ChicaGo Dash is an express bus service between Chicago, Illinois and Valparaiso, Indiana.  The distance between the City of Valparaiso and Downtown Chicago is about 54 miles. It is jointly run by the city of Valparaiso and the Valparaiso Redevelopment Commission, with substantial financial support from the Northwest Indiana Regional Development Authority. It was launched on October 6, 2008.

History and Current Operations 

ChicaGo Dash travels between Valparaiso's Village Station and Downtown Chicago, Illinois. There are currently three stops in Chicago: Michigan/Randolph near Millennium Park, at the LaSalle Street/ Wacker Drive intersection, and in front of 333 S. Franklin St.
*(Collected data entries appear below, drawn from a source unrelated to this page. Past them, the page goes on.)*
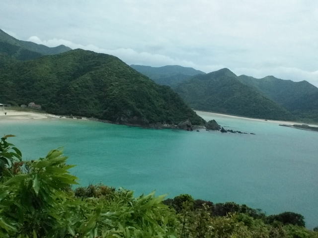 魚藍観音展望台の眼下に高浜海水浴場を見ることができます。 高浜海水浴場は、日本一美しいといわれる砂浜を持つ全国的にも有名な海水浴場です。 輝くほどの砂浜を取り囲むように連なる山々の緑、波打ち際から水色、青色、藍色となって東シナ海に広がる様は「美しい」の一言です。 周囲に人工的な建物がないのも魅力で、浜の背後にはハマユウやサキシマフヨウの自生群があります。
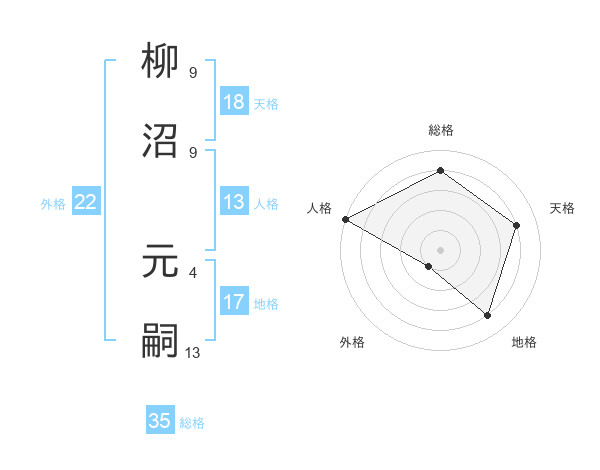 柳沼 元嗣さんの外格は22画の1点!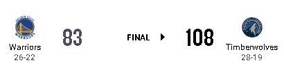 第2クォーター終盤、ティンバーウルブズは21-4の猛攻を見せて主導権を握った。このランの間にジュリアス・ランドルが10得点を挙げ、53-38とリードを広げて前半を折り返した。 ウォリアーズは3ポイントシュート成功率がシーズン最低の23.1%(39本中9本成功)に低迷し、反撃の糸口を掴めなかった。ルディ・ゴベアがインサイドを支配したティンバーウルブズがそのまま逃げ切った。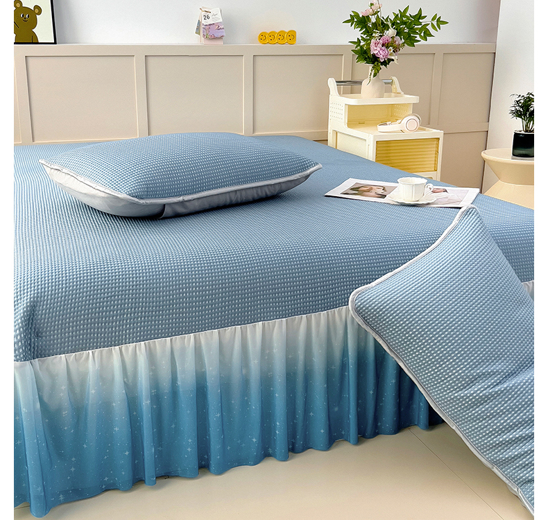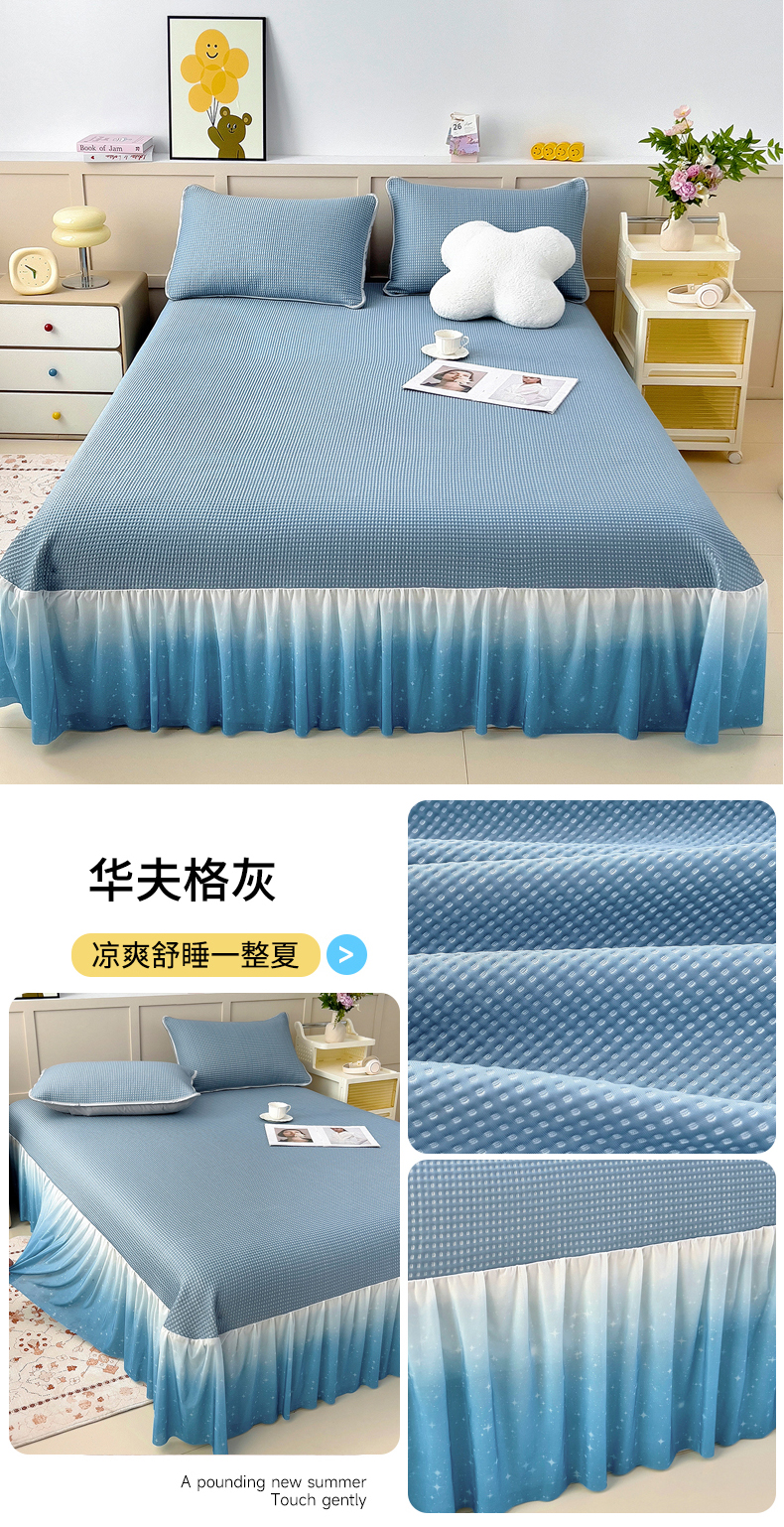(总)情煊 2025新款a类凉感冰豆豆床裙冰豆豆凉席床盖,华夫格粉,华夫格灰,华夫格蓝,华夫格绿,华夫格香槟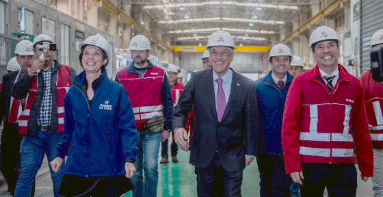 Presidente Sebastián Piñera inspecciona primeros trenes armados en Chile para el Metro de Santiago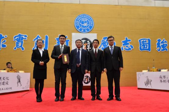 和汽车工程学院一路过关斩将,突出重围。今日,两支队伍站在决赛的舞台上,大战一触即发。本场比赛的评委是行政学院副院长许玉镇教授、马克思主义学院副书记陈松友教授、商学院副院长金晓彤教授、文学院博士生导师白杨教授和哲学社会学院博士生导师沈亚生教授;并邀请了91论坛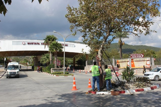HBB Park Bahçe ekipleri tarafından MKÜ Tayfur Sökmen Kampüsü girişindeki çınar ağacına yeniden hayat vermek üzere, çınar gövdesinde oluşan kovuk ölü dokulardan arındırıldı. Temizlenmiş kovuk içerisinde, gövde kurtlarına karşı insektisit ve mantar hastalıklarına karşı fungusit kullanılarak, ağaç, zararlı canlılardan temizlendi. Ağaç gövdesindeki kovuk ve delikler elekli tel ile kapatılarak, hastalıkları önlemek amacıyla özel bir macun karışımı sürüldü. Ağacın sert rüzgarlardan zarar görmemesi ve mukavemetinin sağlanması için de demir bir çubuk ile taç kısmına destek verildi ve ağaç kurtarıldı.
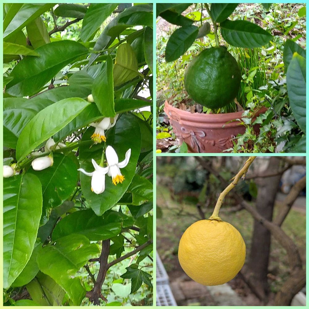 ③仕事で行っている学校の鉢植えのレモンの木で、5月のお花、9月に撮影のまだ緑色の実、現在の黄色に熟したレモン🍋です
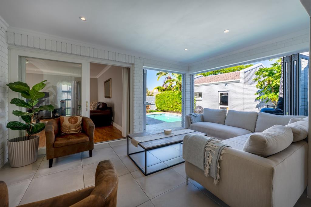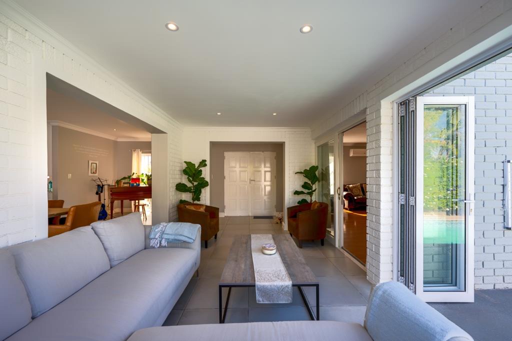 A standout feature is the enclosed entertainment area, complete with a dual-sided built-in braai and stacking doors, creating the perfect connection to the landscaped garden and sparkling poola true entertainers delight.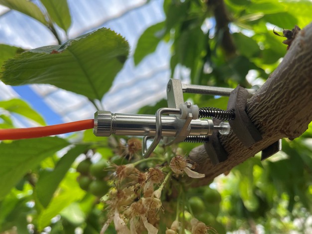 Een kersenteler in Hongarije werkte samen met Gremon Systems om oplossingen te vinden om het barsten van fruit te voorkomen. Met behulp van dendrometers, die de diameter van stengels meten, kreeg de teler meer inzicht in het beheersen van de osmotische druk om barsten in kersen te verminderen.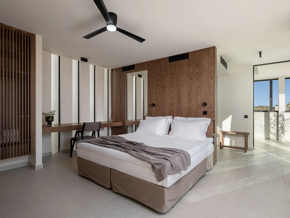 Villa Pnoe Alas offers three beautifully designed bedrooms, each with a queen-size bed, air conditioning, a safe, and hotel-quality linens. The first-floor master suite enjoys a private en-suite bathroom and raised views, with space for a baby cot if travelling with young children. One of the bedrooms features a wheelchair user-friendly en-suite bathroom, providing enhanced accessibility without compromising on style. The two ground-floor bedrooms also feature satellite TVs and access to a communal balcony with refreshing outdoor vistas. Each room includes a dressing table that doubles as a convenient workspace, and both ground-floor bedrooms offer an extra armchair bed suitable for an additional guest. Premium bathroom amenities, such as shampoo, conditioner, bathrobes, pool towels, and hairdryers, are provided for every guest.
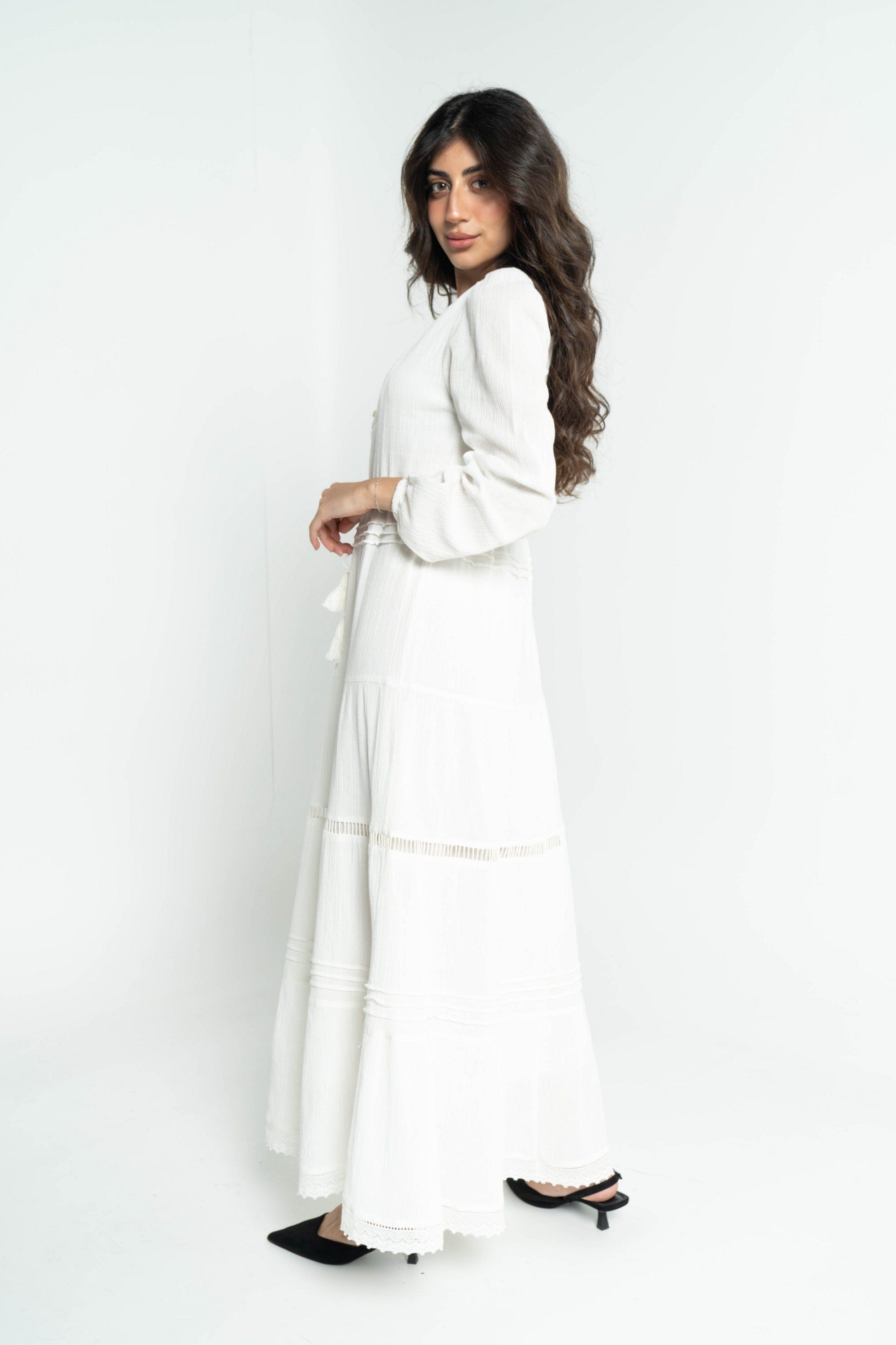 تبحثين عن فستان كاجوال أنيق يناسب خروجات الربيع والخريف؟ هذا الفستان الأبيض بقصة A طول ماكسي سيعطيك إطلالة أنثوية وبسيطة في آن واحد. القماش بسمك متوسط ومزود بتفاصيل دانتيل تضيف لمسة رقيقة دون مبالغة. ياقة مستديرة وأكمام طويلة تمنحك راحة ودفء خفيف في الأجواء المعتدلة، والتصميم سادة يبرز جمال الدانتيل. لا يحتوي على إغلاق مما يجعله سهل الارتداء، ومع الحزام المرفق يمكنك تحديد الخصر بحسب ذوقك. لا يحتوي على جيوب وقصة عادية تناسب النساء البالغات. ستحبين كيف يتحرك معك عند المشي؛ مثالي للخروجات الرومانسية أو لقاءات القهوة مع الصديقات. قطعة عملية تدخل بسهولة في خزانة ربيعك وخريفك وتمنحك طلة ناعمة وكاجوال في آنٍ واحد. اعثري على مقاسك في فاشن السعودية وأضيفي هذه القطعة المتنوعة إلى خزانة ملابسك اليوم.

There is currently one stop in Valparaiso at 58 S. Campbell Street.

The service is rush hour only – it makes four trips from Valparaiso to Chicago in the morning and four trips from Chicago to Valparaiso in the evening.

The ChicaGo Dash began in 2008 as a way for residents of the Greater Valparaiso Area to commute to work in downtown Chicago. Historically, jobs in downtown Chicago have offered higher salaries than those found in Northwest Indiana. Prior to the Dash, those wishing to work in Chicago had to either drive to the NICTD South Shore train station in Chesterton, Indiana (a 20+ minute drive from Valparaiso) or drive themselves to Chicago.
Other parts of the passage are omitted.